> [Input for this task]:
★ ★ ★

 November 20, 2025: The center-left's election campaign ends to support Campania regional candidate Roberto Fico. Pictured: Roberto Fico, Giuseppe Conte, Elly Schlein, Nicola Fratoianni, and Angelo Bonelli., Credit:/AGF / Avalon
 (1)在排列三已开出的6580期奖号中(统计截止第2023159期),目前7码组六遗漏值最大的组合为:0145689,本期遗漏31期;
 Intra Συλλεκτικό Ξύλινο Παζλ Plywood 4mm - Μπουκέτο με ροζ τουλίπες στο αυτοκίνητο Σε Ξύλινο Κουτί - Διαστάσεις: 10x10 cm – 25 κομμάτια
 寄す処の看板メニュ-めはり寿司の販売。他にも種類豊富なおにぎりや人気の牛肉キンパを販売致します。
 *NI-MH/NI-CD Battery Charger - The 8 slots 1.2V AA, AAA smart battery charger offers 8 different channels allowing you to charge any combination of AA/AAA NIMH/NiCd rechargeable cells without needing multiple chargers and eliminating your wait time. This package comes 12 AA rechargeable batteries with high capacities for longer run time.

★ ★ ★

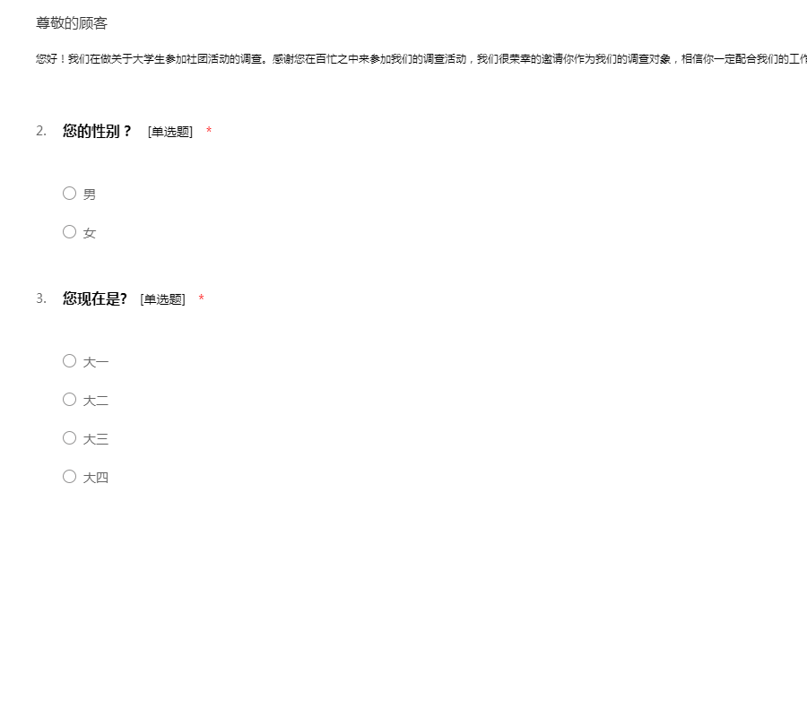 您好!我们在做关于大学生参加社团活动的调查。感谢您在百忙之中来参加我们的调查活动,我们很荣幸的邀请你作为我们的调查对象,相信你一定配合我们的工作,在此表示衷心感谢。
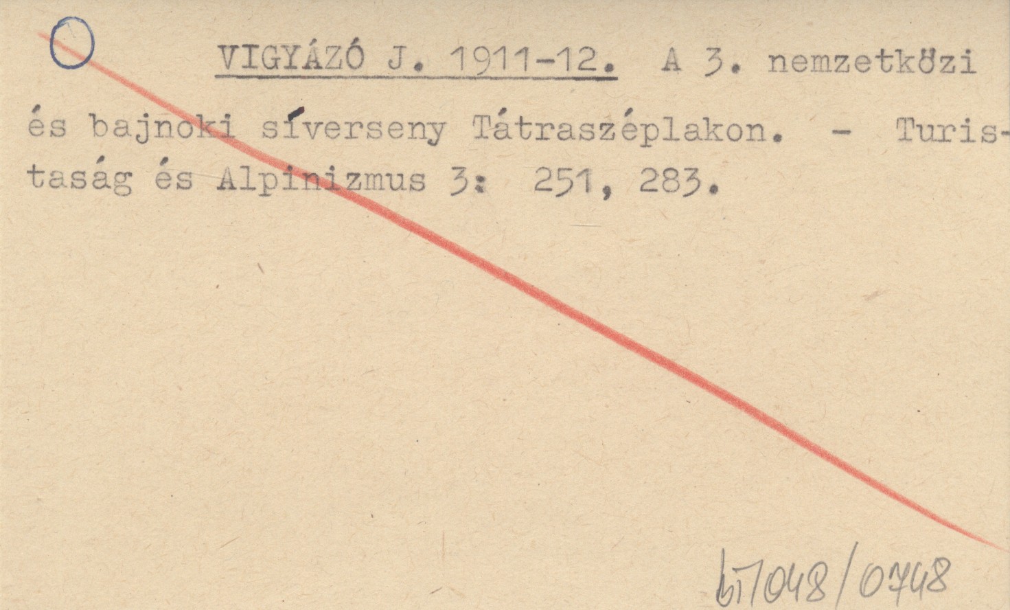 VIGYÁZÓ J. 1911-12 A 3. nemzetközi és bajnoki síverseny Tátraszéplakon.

★ ★ ★

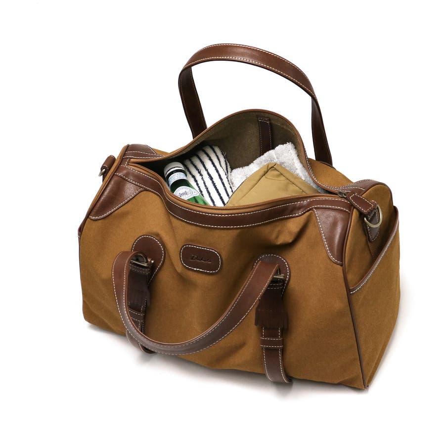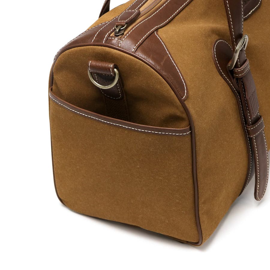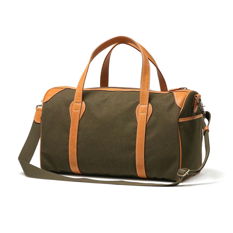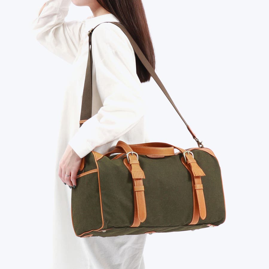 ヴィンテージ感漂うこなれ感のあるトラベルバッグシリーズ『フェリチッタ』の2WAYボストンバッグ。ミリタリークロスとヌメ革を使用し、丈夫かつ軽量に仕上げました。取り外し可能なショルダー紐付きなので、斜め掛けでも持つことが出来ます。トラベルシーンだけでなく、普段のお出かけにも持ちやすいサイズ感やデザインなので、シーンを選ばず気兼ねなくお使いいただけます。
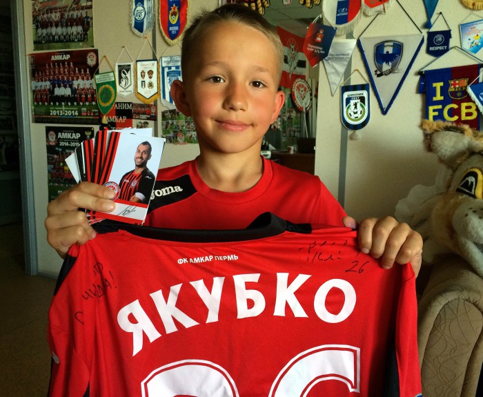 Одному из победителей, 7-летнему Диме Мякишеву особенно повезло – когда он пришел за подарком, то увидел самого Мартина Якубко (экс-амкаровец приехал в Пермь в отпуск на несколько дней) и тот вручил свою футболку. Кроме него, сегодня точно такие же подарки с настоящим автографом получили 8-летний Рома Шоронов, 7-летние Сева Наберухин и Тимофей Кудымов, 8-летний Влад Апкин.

★ ★ ★

> [What you have to do]: Look above for the line holding "Intra Συλλεκτικό Ξύλινο". Print it and every line after it, exactly, through the line holding "longer run time.".

> [Exercise response]:
 Intra Συλλεκτικό Ξύλινο Παζλ Plywood 4mm - Μπουκέτο με ροζ τουλίπες στο αυτοκίνητο Σε Ξύλινο Κουτί - Διαστάσεις: 10x10 cm – 25 κομμάτια
 寄す処の看板メニュ-めはり寿司の販売。他にも種類豊富なおにぎりや人気の牛肉キンパを販売致します。
 *NI-MH/NI-CD Battery Charger - The 8 slots 1.2V AA, AAA smart battery charger offers 8 different channels allowing you to charge any combination of AA/AAA NIMH/NiCd rechargeable cells without needing multiple chargers and eliminating your wait time. This package comes 12 AA rechargeable batteries with high capacities for longer run time.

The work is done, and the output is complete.